Behind me I heard Hauk. I’m only sixteen! he was shouting. I’m only sixteen! I’m only sixteen! I sat up. They ran down the hill. Hauk and two others in front of him, the big man at the back. He was brandishing a knife. I got up and went over to the girls, whom no one had threatened. Marianne dashed into the toilet and emerged with an armful of paper, and I wiped off the blood. Not long afterwards Hauk and the others returned from the opposite direction, they were still frightened, went into the kiosk and asked the assistant to ring the police. The sparkle went out of the evening, the group dispersed, suddenly I was the only person left who wanted to carry on, and I had to catch a taxi home, sitting on the back seat while my nose and head pounded and throbbed.

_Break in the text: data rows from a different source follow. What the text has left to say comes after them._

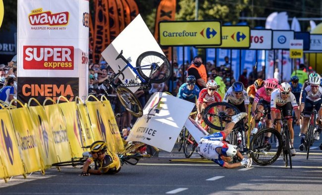 Велогонщик Дилан Груневеген вытолкнул соперника с трассы ради победы. Скорость гонщиков – 80 км/ч - «Велоспорт»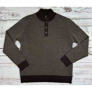 Untuckit Pullover Mens Large Brown Merino Wool Sweater Quarter 1/4 Button
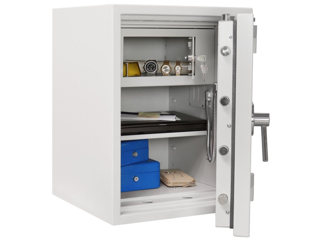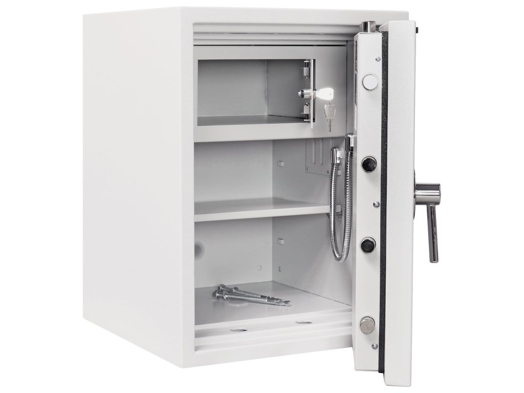 Hlavní výhody: Certifikovaný elektronický zámek Bezpečnostní třída II (ČSN EN 1143-1) Ohnivzdornost po dobu 30 minut pro papír Možnost úschovy i zbraní a střeliva podle č.190 / 2003 Sb. z. Napájení 1 x 9V baterií (není součástí balení) Příprava pro EMA 3-stranný uzamykací mechanizmus Vnitřní schránka Nastavitelná polička uvnitř Otevření dveří až do 180 ° Možnost doobjednání teleskopické zásuvky Možnost doobjednání teleskopické poličky Možnost doobjednání teleskopické registratury Elektronické nouzové otevírání externí baterií Otvory na ukotvení na spodní straně trezoru Šedý nábytkový ohnivzdorný trezor z modelové řady Diamant Fire Premium disponuje certifikovaným elektronickým zámkem a bezpečnostní třídou II (ČSN EN 1143-1). Ochrání uložené papírové dokumenty i před působením ohně a to až po dobu 30 minut. Zámek je napájen klasickou 9V baterií a výhodou je příprava pro EMA. Kromě cenností, šperků, cestovních dokladů a šanonů můžete v trezoru uložit i krátké zbraně a munici. Uvnitř se kromě poličky nachází i samostatně uzamykatelná vnitřní schránka. Bezproblémový přístup k uloženým věcem umožní trezorové dveře, které lze otevřít až do úhlu 180°. Na spodní straně jsou připraveny otvory pro ukotvení. Kotvící materiál je součástí balení. Kování zámku zvyšuje celkovou vnější hloubku trezoru o 60 mm.Doplňkové parametry

The moment I opened the door I knew that Yngve had come home. Luggage scattered across the floor, his jacket on a hook, his sturdy boots. I decided to surprise him. My joy at the idea made my chest bubble with excitement, and when I opened the door, switched on the light and shouted, ‘Da-da!’ and he sat up in bed, utterly bewildered, I burst into laughter. I completely lost control, just kept on laughing, he looked at me, what happened, he asked, what’s up with your nose, I was laughing so much I couldn’t answer, he said, go to bed, Karl Ove, that’s best and we can talk tomorrow.